2.nvme_ns_head_submit_bio will add the bio to current->bio_list instead of waiting for the frozen queue.
Nothing guarantees that you have a bio_list active at any point in time,
in fact for a workload that submits one by one you will always drain
that list directly in the submission...
submit_bio and nvme_requeue_work both guarantee current->bio_list.
The process:
1.submit_bio and nvme_requeue_work will call submit_bio_noacct.
2.submit_bio_noacct will call __submit_bio_noacct because bio->bi_disk->fops->submit_bio = nvme_ns_head_submit_bio.
3.__submit_bio_noacct set current->bio_list, and then __submit_bio will call bio->bi_disk->fops->submit_bio(nvme_ns_head_submit_bio)
4.nvme_ns_head_submit_bio will add the bio to current->bio_list.
5.__submit_bio_noacct drain current->bio_list.
when drain current->bio_list, it will wait for the frozen queue but do not hold the head->srcu.
Because it call blk_mq_submit_bio directly instead of ->submit_bio(nvme_ns_head_submit_bio).
So it is safe.
3.nvme_ns_head_submit_bio call srcu_read_unlock(&head->srcu, srcu_idx).
So nvme_ns_head_submit_bio do not hold head->srcu long when the queue is frozen, can avoid deadlock.

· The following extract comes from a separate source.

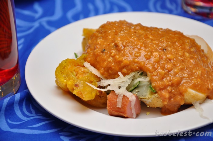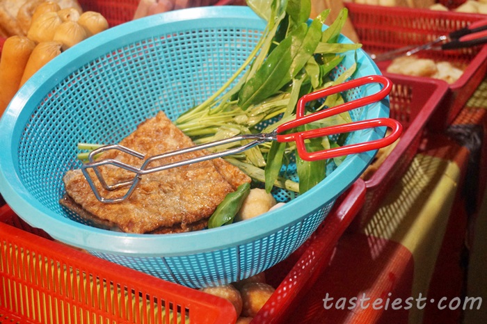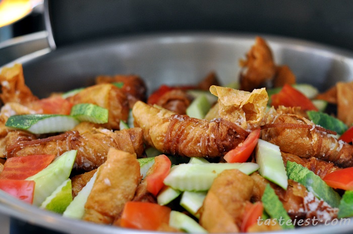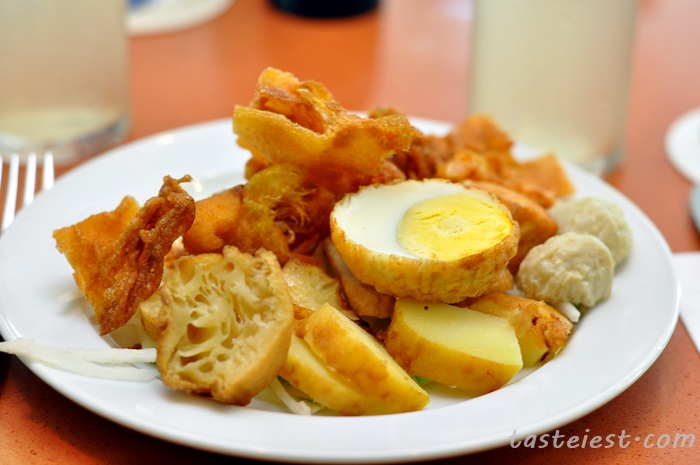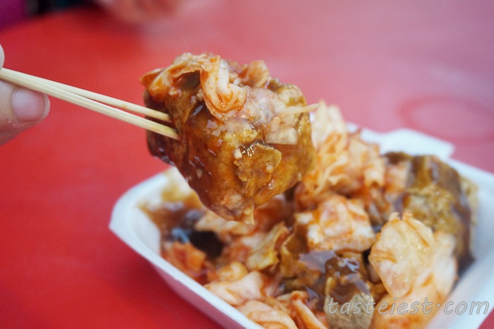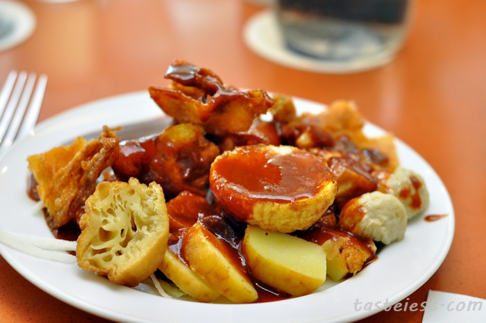Malaysia delicacy Pasembur, you can mix and match your favorite Pasembur ingredients such as tofu, prawn cracker, egg, cucumber…etc with the spicy and sweet sauce.

Sagi, suggest trying this patch.
The above reproduces with the patch applied on upstream nvme code.The new patch(blk_mq_submit_bio_direct) will cause the bug again.
Because it revert add the bio to current->bio_list.
Just try the upstream nvme code, and do not apply the new patch(blk_mq_submit_bio_direct).
.